Life, the Universe and Everything
Before diving into the specific details of implementation and code structure, it is important to understand the intellectual context within which we are operating. A dictionary definition is always a good place to start, and according to the Cambridge Dictionary:
noun [ U, + sing/pl verb ]
US /ˈdeɪ.t̬ə, dæt̬.ə/
information, especially facts or numbers, collected to be examined and considered and used to help decision-making, or information in an electronic form that can be stored and used by a computer
This might be good place to start, however it is at once an oversimplification and unnecesarily prescriptive for our purposes.
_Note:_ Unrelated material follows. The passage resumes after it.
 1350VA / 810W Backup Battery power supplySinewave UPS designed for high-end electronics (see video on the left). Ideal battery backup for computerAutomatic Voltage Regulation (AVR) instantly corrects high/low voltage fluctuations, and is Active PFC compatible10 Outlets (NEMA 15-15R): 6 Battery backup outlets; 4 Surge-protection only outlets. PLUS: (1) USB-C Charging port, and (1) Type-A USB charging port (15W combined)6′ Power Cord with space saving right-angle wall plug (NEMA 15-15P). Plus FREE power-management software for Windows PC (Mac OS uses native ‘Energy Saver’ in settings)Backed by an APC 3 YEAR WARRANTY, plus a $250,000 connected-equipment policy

For a more detailed exploration we will start from a different place.
We will also consistently consider "data" to be a singular noun, which you are free to pronounce however you like.
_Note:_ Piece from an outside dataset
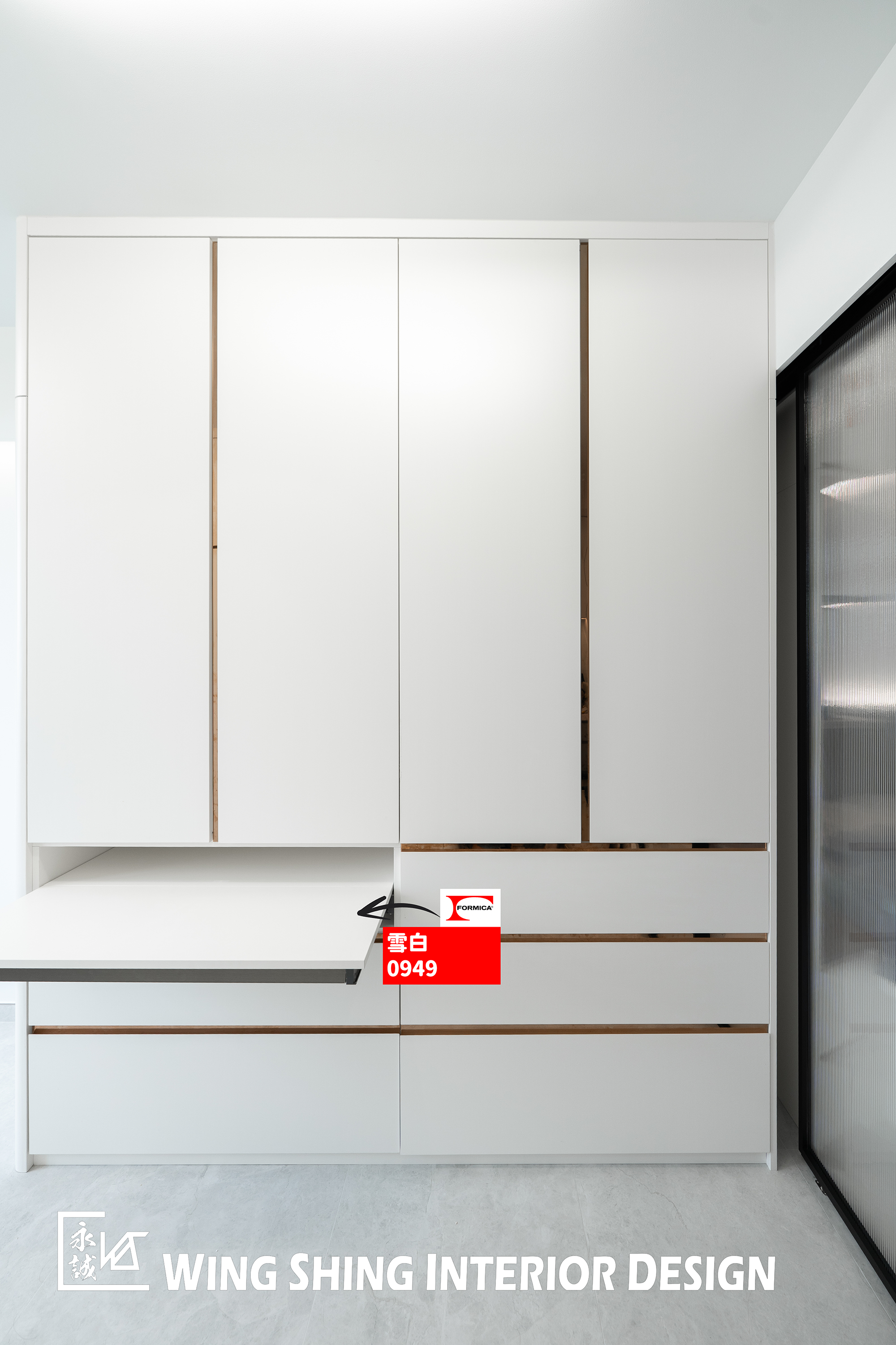 櫃體採用「無把手設計」,櫃門一體化造型讓視覺更簡淨,

Let's start with the universe.
This might not seem like the simplest place to start, but in theory we can just consider the universe as everything, right now. So it is a very simple definition which encompasses a lot of complexity.
Within the universe we have entities. In their simplest terms, entities can be thought of as anything (or any thing). People, places, objects, animals... in linguistic terms they are nouns.
Entities have relationships to other entities. These relationships can change over time, but since we are considering the universe to be everything, right now, we can ignore that for now.
Entities have state, which can be considered as characteristics of the entity. Some states are permanent and some are transitory.
Entities experience events. Stuff happens.
So this is our simple model of everything heppening in the universe right now.
We finally arrive at the first word of the dictionary definition: information. Information can be considered as a representation of all states, events and entity relationships in the universe. Whether it exists independently of its perception and/or observation is an interesting philosophical question. If a tree falls in the forest and nobody hears, does it make a sound?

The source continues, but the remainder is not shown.